I work as a lab tech prepping university classes; I don't get a lot of opportunity to get some microbiology experience, and I thought I would take advantage of the extra down time we have since the semester was ended early.

I took on a little project of seeing what kind of bacteria are growing on my pet chinchilla. I do not know what the bacteria is.

I have 5 samples; 4 are gram-positive coccus bacteria and one is a gram-negative rod bacteria after doing a gram stain. The 4 coccus bacteria are circular colonies, ranging from white-ivory-orange. The rod bacteria appears to be a rhizoid colony that is semi-transparent (these were all grown on YPD agar plates).

I just followed the Qiaprep spin mini prep protocol where I used 2mL of bacteria to extract DNA. Because I am unsure what exactly the bacteria is, I decided to do the step where you wash the spin column with 500uL of Buffer PB.

What should my agarose gel and DNA sample that I load look like? I want to see if the extraction was successful.
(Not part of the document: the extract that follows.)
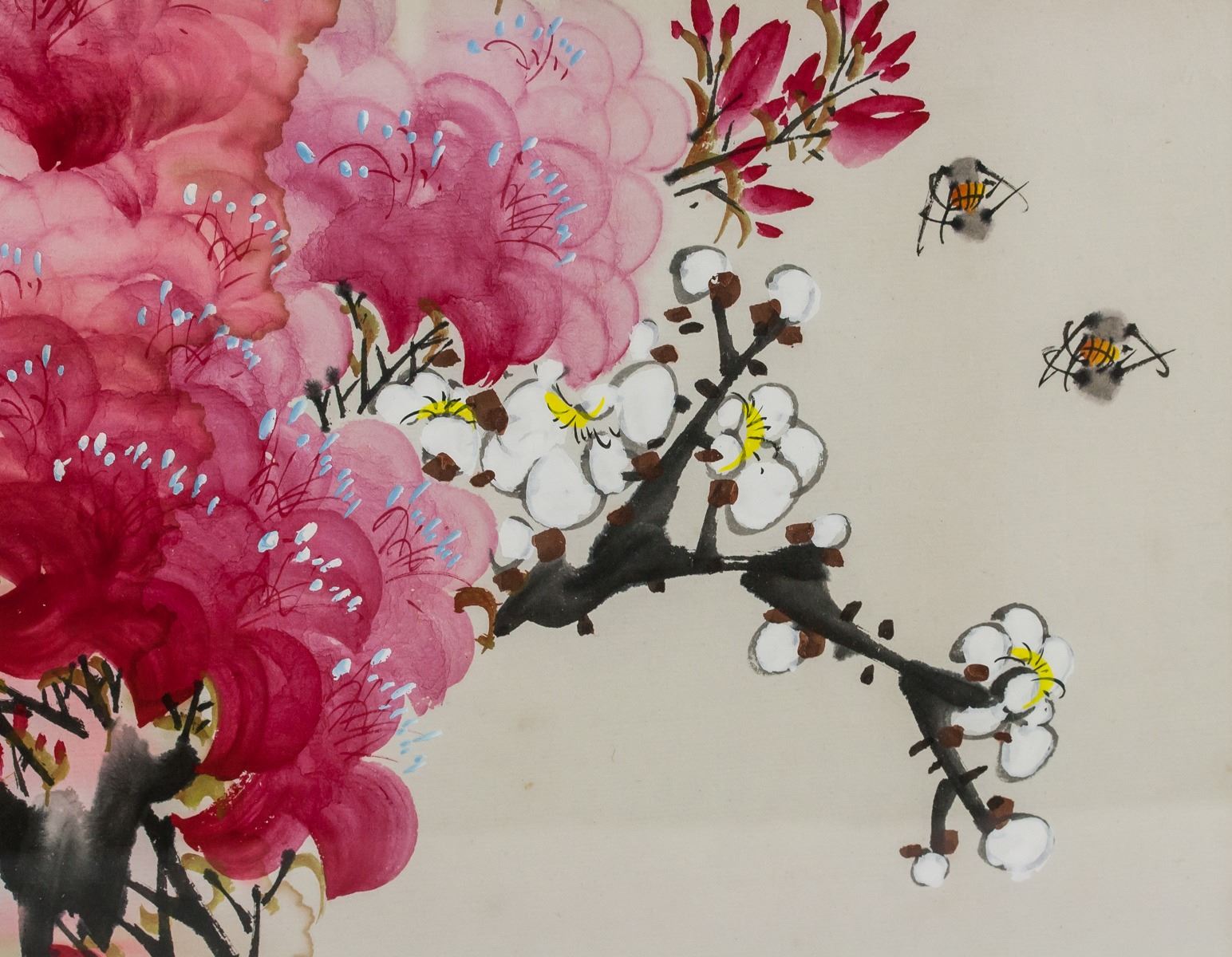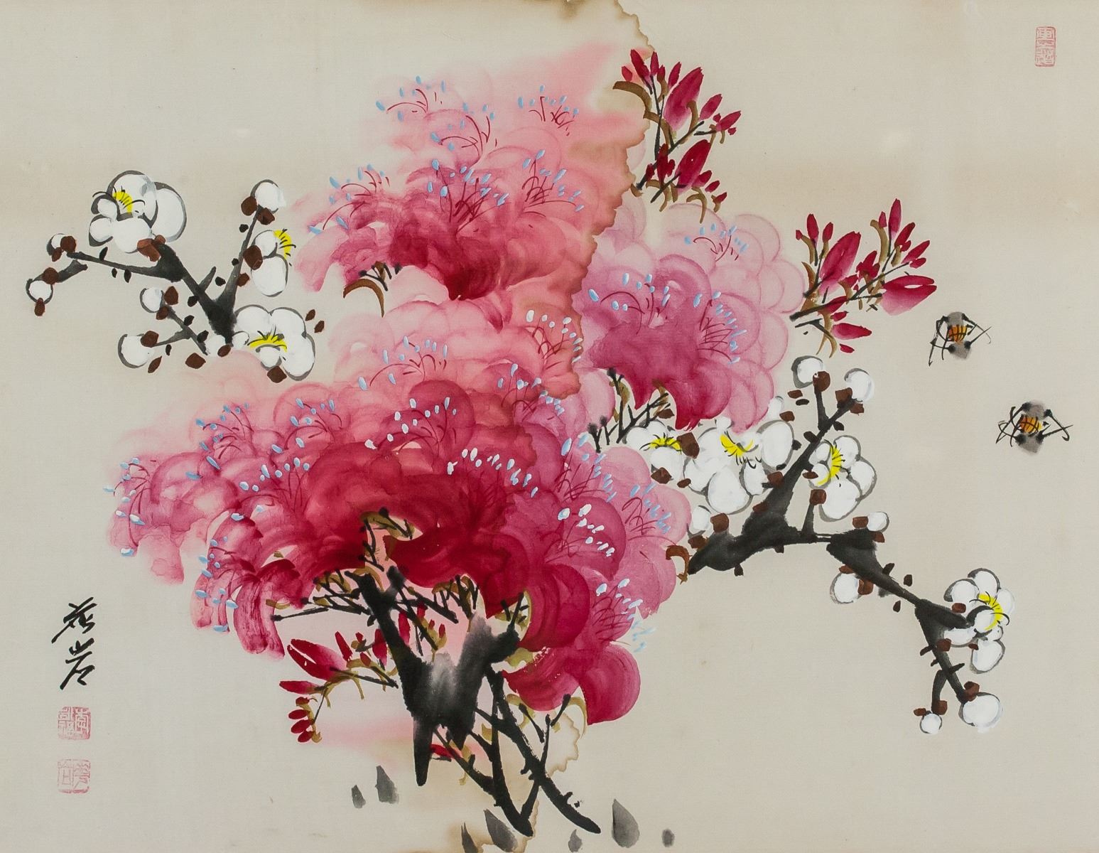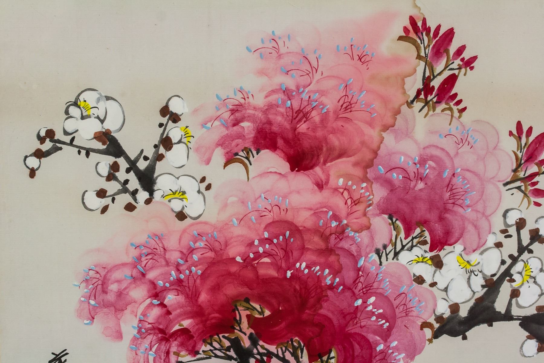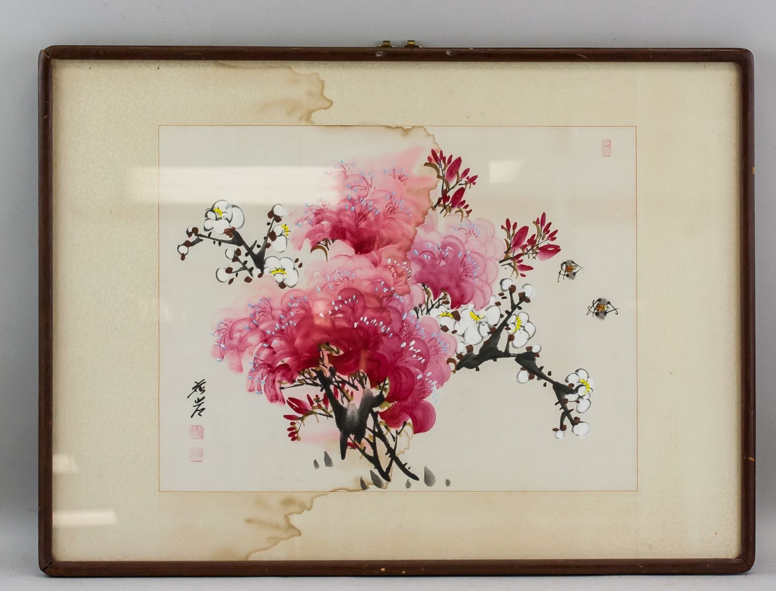 Watercolor on paper, framed. Featuring flowers in bloom. Signed and inscribed with two seals on the lower left corner. 43 x 32 cm, Frame: 63 x 45 cm

This is my second attempt at DNA extraction for this project; the first time I ran a 2% agarose gel with sybrsafe at 180V for 40 minutes, using 6uL of a 1KB ladder and 1uL 6X LD/5uL DNA sample (extracted from 1mL of culture) and only got a single, extremely faint band. I thought maybe the sample was too little, so I tried it again at 3uL 6x LD/15uL DNA sample but got the same result.

I've been able to understand and kind of make my own protocol up till now; I'm proud of myself for doing a successful gram staining, considering it was my first time ever trying it (btw, neutral red seems to be an alternative counterstain if you have no safranin or fuchsine available). I just don't have a lot of experience working out these kinds of problems (hence why I'm trying this). Is there something I'm doing wrong here and how should I proceed to get a successful DNA extraction?